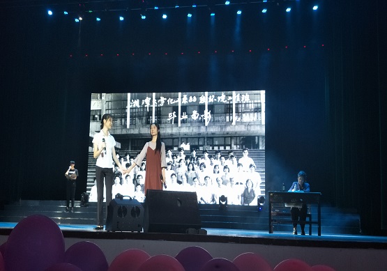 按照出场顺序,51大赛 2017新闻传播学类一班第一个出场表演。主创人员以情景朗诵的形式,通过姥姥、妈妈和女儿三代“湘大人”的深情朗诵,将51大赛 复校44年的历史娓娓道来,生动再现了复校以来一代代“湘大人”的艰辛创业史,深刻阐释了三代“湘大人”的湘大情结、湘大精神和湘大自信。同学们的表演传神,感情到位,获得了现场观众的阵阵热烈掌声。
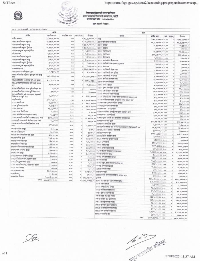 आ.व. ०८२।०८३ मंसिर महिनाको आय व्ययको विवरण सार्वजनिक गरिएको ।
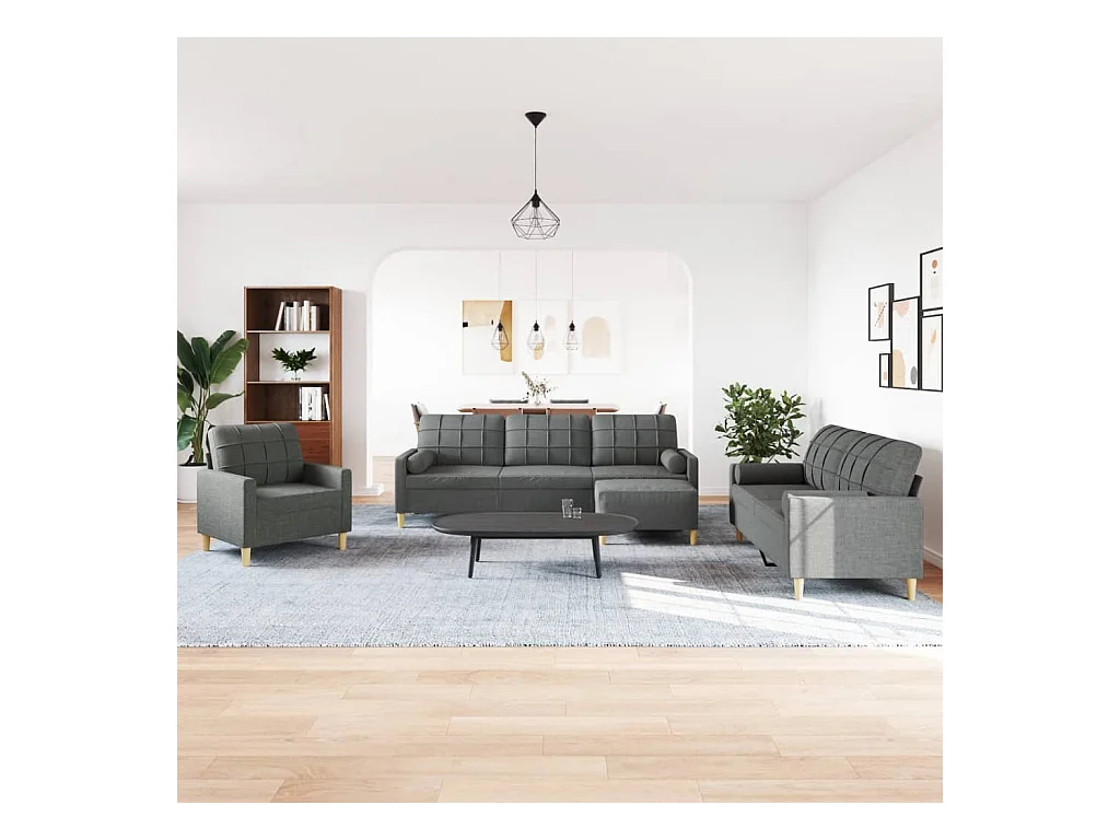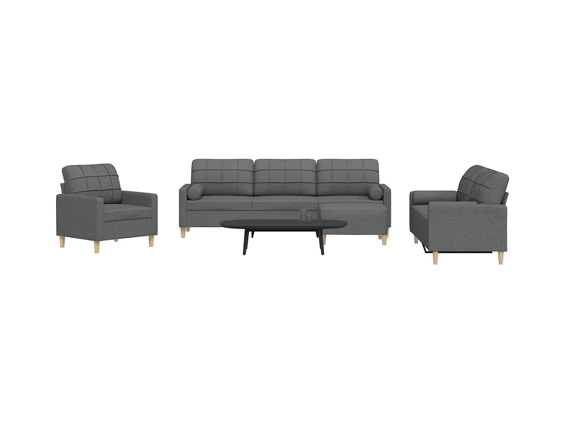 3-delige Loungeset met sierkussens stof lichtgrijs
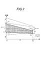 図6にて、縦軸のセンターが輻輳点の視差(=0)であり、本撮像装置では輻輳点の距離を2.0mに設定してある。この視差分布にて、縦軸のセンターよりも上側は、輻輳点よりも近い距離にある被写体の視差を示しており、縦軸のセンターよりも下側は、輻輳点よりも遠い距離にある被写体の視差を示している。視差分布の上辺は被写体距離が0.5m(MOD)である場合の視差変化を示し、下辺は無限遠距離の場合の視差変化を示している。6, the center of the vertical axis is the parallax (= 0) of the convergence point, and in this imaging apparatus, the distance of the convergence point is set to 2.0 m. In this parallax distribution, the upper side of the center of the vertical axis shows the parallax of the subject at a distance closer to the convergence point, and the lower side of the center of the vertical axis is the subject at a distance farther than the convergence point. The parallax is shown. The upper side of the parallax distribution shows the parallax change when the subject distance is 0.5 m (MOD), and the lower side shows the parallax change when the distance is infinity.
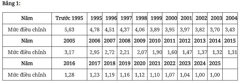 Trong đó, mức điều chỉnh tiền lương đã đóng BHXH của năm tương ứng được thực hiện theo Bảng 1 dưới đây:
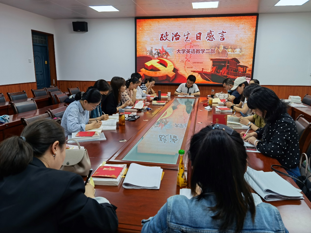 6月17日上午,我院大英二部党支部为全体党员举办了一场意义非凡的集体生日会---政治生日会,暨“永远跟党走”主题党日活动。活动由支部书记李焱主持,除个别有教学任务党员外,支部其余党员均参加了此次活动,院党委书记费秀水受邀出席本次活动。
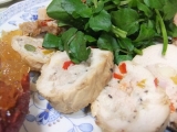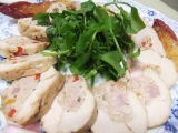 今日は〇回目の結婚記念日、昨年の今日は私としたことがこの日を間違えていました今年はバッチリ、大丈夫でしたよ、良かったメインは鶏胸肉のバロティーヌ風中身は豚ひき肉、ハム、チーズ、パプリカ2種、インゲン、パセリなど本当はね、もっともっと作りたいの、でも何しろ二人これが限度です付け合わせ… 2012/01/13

=====

Work instruction.
Everything in the listing is to be returned word for word, except the pictures.

Solution to this exercise.
 按照出场顺序,51大赛 2017新闻传播学类一班第一个出场表演。主创人员以情景朗诵的形式,通过姥姥、妈妈和女儿三代“湘大人”的深情朗诵,将51大赛 复校44年的历史娓娓道来,生动再现了复校以来一代代“湘大人”的艰辛创业史,深刻阐释了三代“湘大人”的湘大情结、湘大精神和湘大自信。同学们的表演传神,感情到位,获得了现场观众的阵阵热烈掌声。
 आ.व. ०८२।०८३ मंसिर महिनाको आय व्ययको विवरण सार्वजनिक गरिएको ।
 3-delige Loungeset met sierkussens stof lichtgrijs
 図6にて、縦軸のセンターが輻輳点の視差(=0)であり、本撮像装置では輻輳点の距離を2.0mに設定してある。この視差分布にて、縦軸のセンターよりも上側は、輻輳点よりも近い距離にある被写体の視差を示しており、縦軸のセンターよりも下側は、輻輳点よりも遠い距離にある被写体の視差を示している。視差分布の上辺は被写体距離が0.5m(MOD)である場合の視差変化を示し、下辺は無限遠距離の場合の視差変化を示している。6, the center of the vertical axis is the parallax (= 0) of the convergence point, and in this imaging apparatus, the distance of the convergence point is set to 2.0 m. In this parallax distribution, the upper side of the center of the vertical axis shows the parallax of the subject at a distance closer to the convergence point, and the lower side of the center of the vertical axis is the subject at a distance farther than the convergence point. The parallax is shown. The upper side of the parallax distribution shows the parallax change when the subject distance is 0.5 m (MOD), and the lower side shows the parallax change when the distance is infinity.
 Trong đó, mức điều chỉnh tiền lương đã đóng BHXH của năm tương ứng được thực hiện theo Bảng 1 dưới đây:
 6月17日上午,我院大英二部党支部为全体党员举办了一场意义非凡的集体生日会---政治生日会,暨“永远跟党走”主题党日活动。活动由支部书记李焱主持,除个别有教学任务党员外,支部其余党员均参加了此次活动,院党委书记费秀水受邀出席本次活动。
 今日は〇回目の結婚記念日、昨年の今日は私としたことがこの日を間違えていました今年はバッチリ、大丈夫でしたよ、良かったメインは鶏胸肉のバロティーヌ風中身は豚ひき肉、ハム、チーズ、パプリカ2種、インゲン、パセリなど本当はね、もっともっと作りたいの、でも何しろ二人これが限度です付け合わせ… 2012/01/13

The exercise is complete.